The code has not been tested for full training of Deeplab-Resnet yet. Refer to [tensorflow-deeplab-resnet](https://github.com/DrSleep/tensorflow-deeplab-resnet) and possibly extract the weights after training with that framework.

## Code status
The code is in early stage. Pull requests welcome.

## Citation
Please cite
```
@ARTICLE{2017arXiv170508790B,
   author = {{Berman}, M. and {Blaschko}, M.~B.},
    title = "{Optimization of the Jaccard index for image segmentation with the Lov\'asz hinge}",
  journal = {ArXiv e-prints},
archivePrefix = "arXiv",
   eprint = {1705.08790},
 primaryClass = "cs.CV",
 keywords = {Computer Science - Computer Vision and Pattern Recognition},
     year = 2017,
    month = may,
   adsurl = {http://adsabs.harvard.edu/abs/2017arXiv170508790B},
}
```
if you use the code.

## Dependencies and weights
Relies notably on [Pytorch](http://pytorch.org/) and the standalone [tensorboard](https://github.com/dmlc/tensorboard/tree/master/python) package

Using anaconda, install the full requirements using the provided conda environment file:
```
conda env create --f environemnt.yml
source activate jaccard-segment
```

Convert the Deeplab Caffe weights to tensorflow ckpt using [caffe-tensorflow](https://github.com/ethereon/caffe-tensorflow), then convert them to hdf5 using `ckpt_to_dd.py` and use our wrapper to load in Pytorch.

## Important switches in the settings
By default, finetunes with cross-entropy loss.
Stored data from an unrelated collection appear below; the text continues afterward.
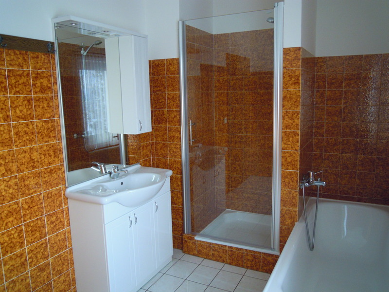 - Sanitärbereich: Waschtisch, Badewanne, Dusche und WC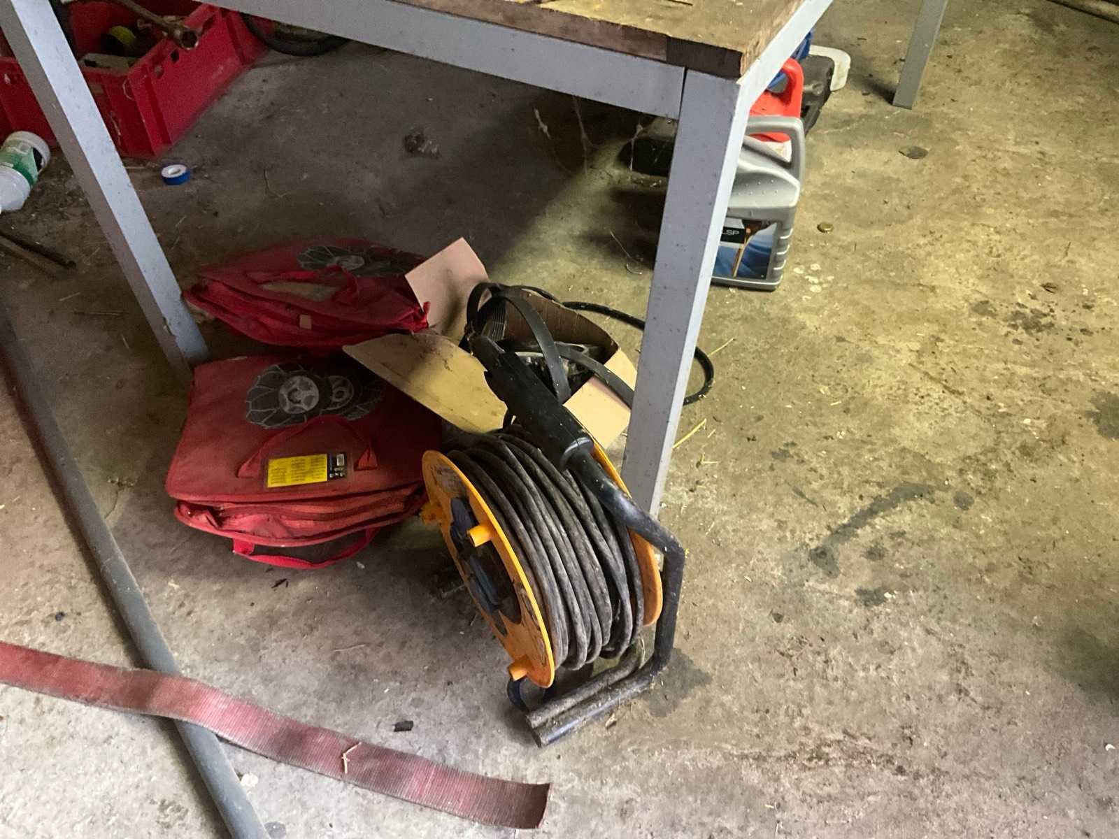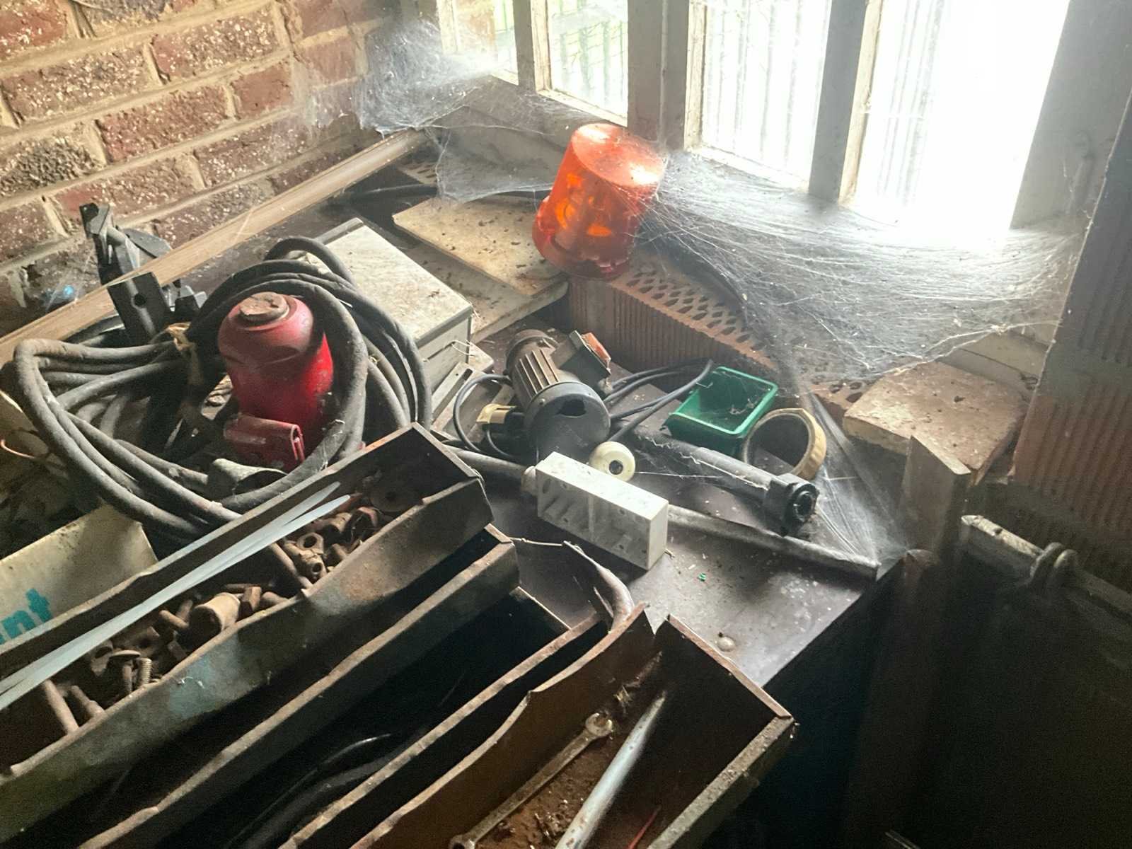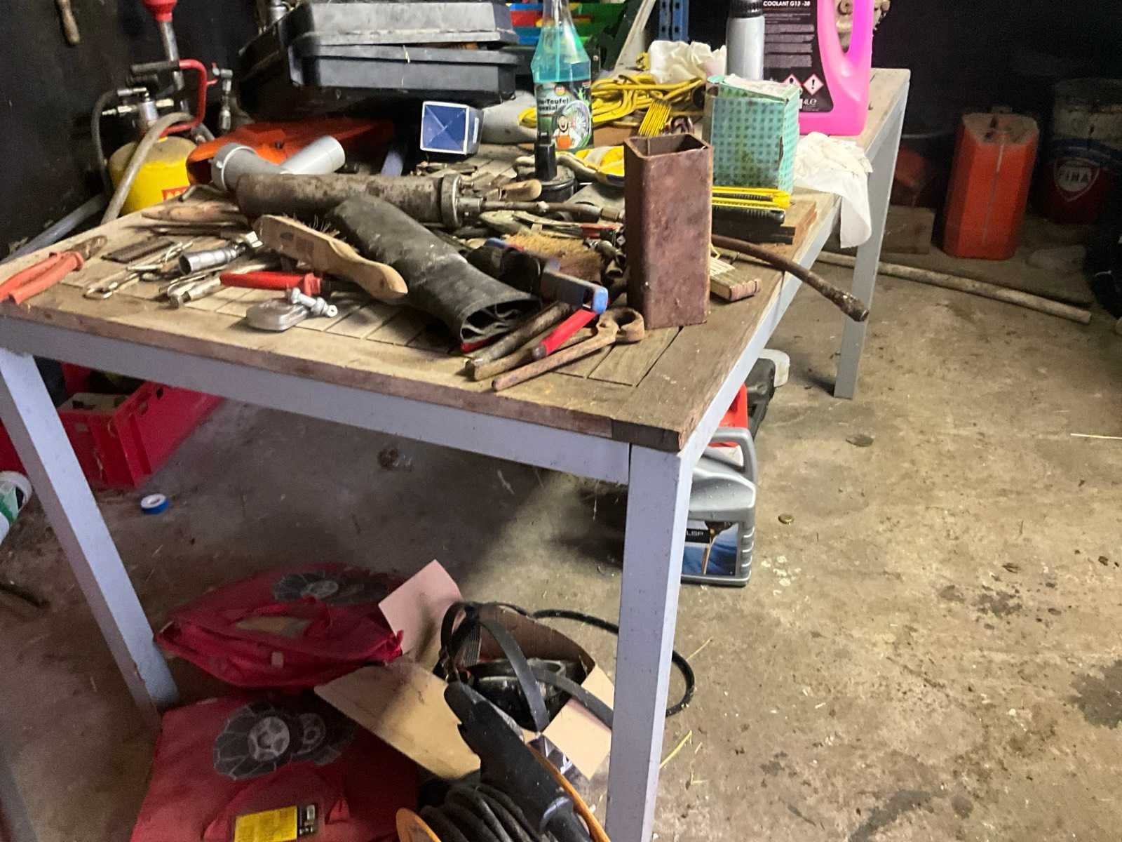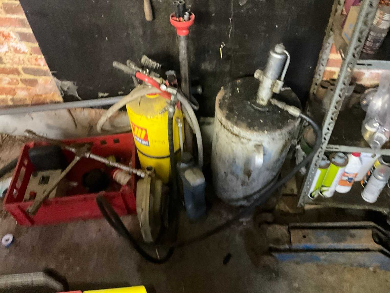 Inhoudende divers werkmateriaal waaronder divers handgereedschap, diverse opbergbakken waaronder in pvc en metaal, metalen opbergrekken, werktafel, diverse sprays, spuitpompen, jerrycans, werktafel, diverse riemen,…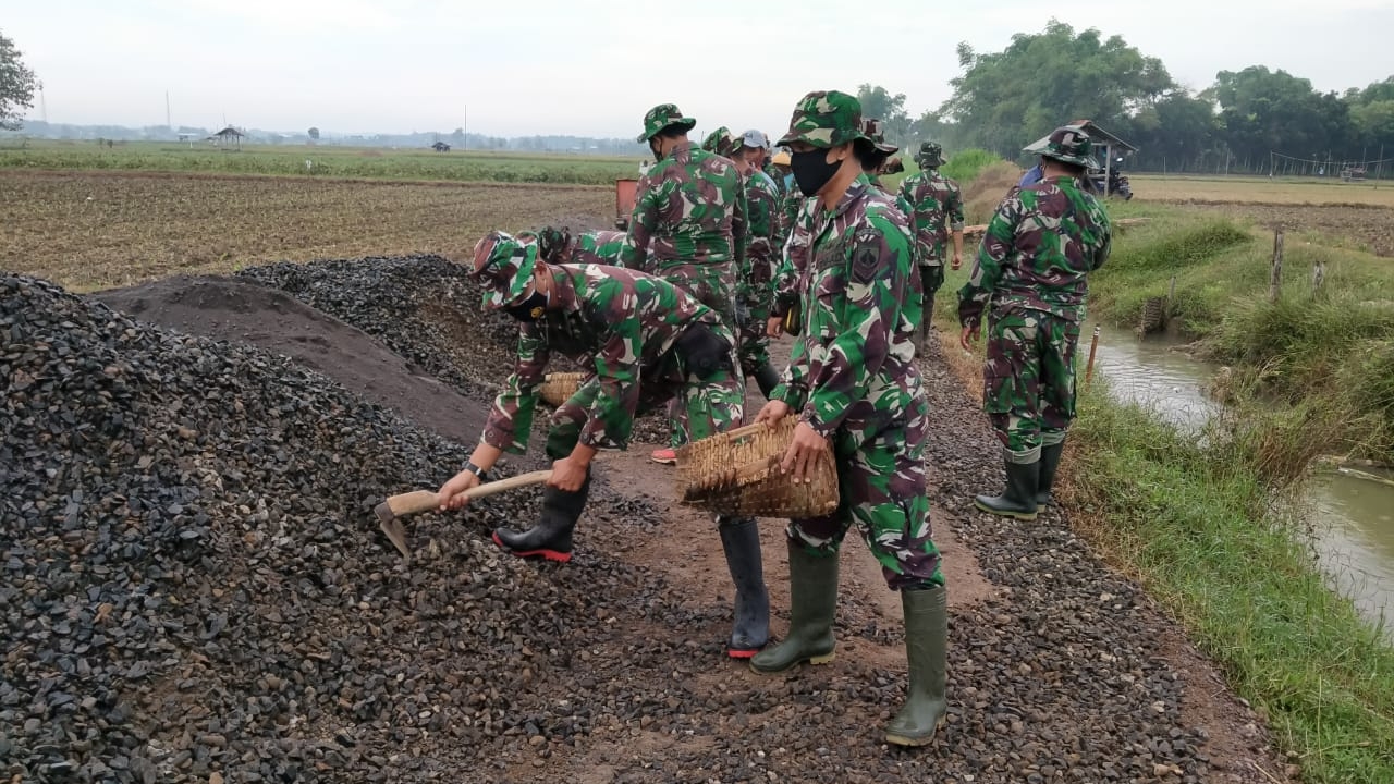 Pati – Tampak suasana ramai di sepanjang jalan di Desa Tamansari,Kecamatan Jaken, Kabupaten Pati. TNI dan Masyarakat sungguh sangat terlihat kompak bekerja sama saat pengecoran jalan yang merupakan salah satu sasaran fisik pada program TMMD ke-111 di Kodim 111/Pati. Jum,at (18/06/2021)

Use --binary `class` switch for selecting a particular class in the binary case, `--jaccard` for training with the Jaccard hinge loss described in the arxiv paper, `--hinge` to use the Hinge loss, and `--proximal` to use the prox. operator optimization variant for the Jaccard loss as described in the arxiv paper.

For the prox. operator, use a learning rate of `1.` and set an equivalent regularization of `1/lr` instead.